タイ反政府デモ 強権改め沈静化させよ

2020年10月17日 06時43分
 タイの反政府デモで、首都に非常事態宣言が出された。プラユット首相の退陣や王室改革など、学生らの要求は一顧だにされておらず、デモは今後も続くとみられる。政権側が歩み寄れないか。
 初日の十四日は、一九七三年に学生と国軍が衝突し、学生ら七十七人が死亡した「血の日曜日事件」が起きた日。この時は、軍事政権の打倒に成功しており、学生は今回、象徴的なこの日を選んだとみられる。

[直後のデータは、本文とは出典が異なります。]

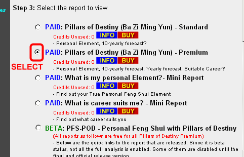 • Select the PAID: Pillars of Destiny (Ba Zi Ming Yun) - Premium

 同日から十五日にかけて、首都バンコクの首相府前を一万〜二万人のデモ隊が占拠し、政府はバンコクに非常事態宣言を発令した。五人以上の集会が禁じられたため、警官隊はデモ隊を強制排除してリーダーの弁護士らを逮捕したものの、事態の先行きは不透明だ。
 タイでは戦後、軍政と民政が入れ替わる政変が頻発。昨年は総選挙で軍政から民政へ表面的には平和的に移行したが、首相には軍政のトップだったプラユット氏が就任した。「軍政の続き」との印象を内外に与えた。今年二月には、若者らに支持された野党が憲法裁判所から解党を命じられ、反政府運動が本格化。学生らは、首相の辞任や軍政に有利な憲法の改正、解散・総選挙実施などを訴える。
 夏ごろから、王室改革の要求も加わった。十三世紀から王室があり、最高刑が禁錮十五年という不敬罪が設けられているタイでは、型破りな主張である。背景には、王室を取り巻く意識の変容があるとみられる。
 かつて、政敵同士を跪(ひざまず)かせて仲裁するなどカリスマ性を誇り、有事には国王が乗り出す「タイ式民主主義」を確立した前国王は、四年前に死去。跡を継いだ長男の現国王は、国を空けてドイツで過ごすことが多いなど、存在感の薄さを指摘される。不敬罪の適用を手控えるよう政権に命じ、イメージの向上に腐心している。
 コロナ禍もある。国内の感染者は多くないが、世界的な旅行自粛でタイ経済を支える観光業が不振に陥り、国民は生活苦にあえぐ。その中で王室は四兆円とも六兆円ともいわれる資産を有し、国庫から年間三百億円近くを得ている。学生らは不敬罪の廃止や王室予算の削減なども求めている。
 要求は幅が広がりすぎた感もあるが、いずれも「民主化を求める叫び」だろう。政権は強権的な手法を改め、先延ばしにしている憲法改正の審議に着手するなど、何らかの形で要求を受け入れることが必要ではないか。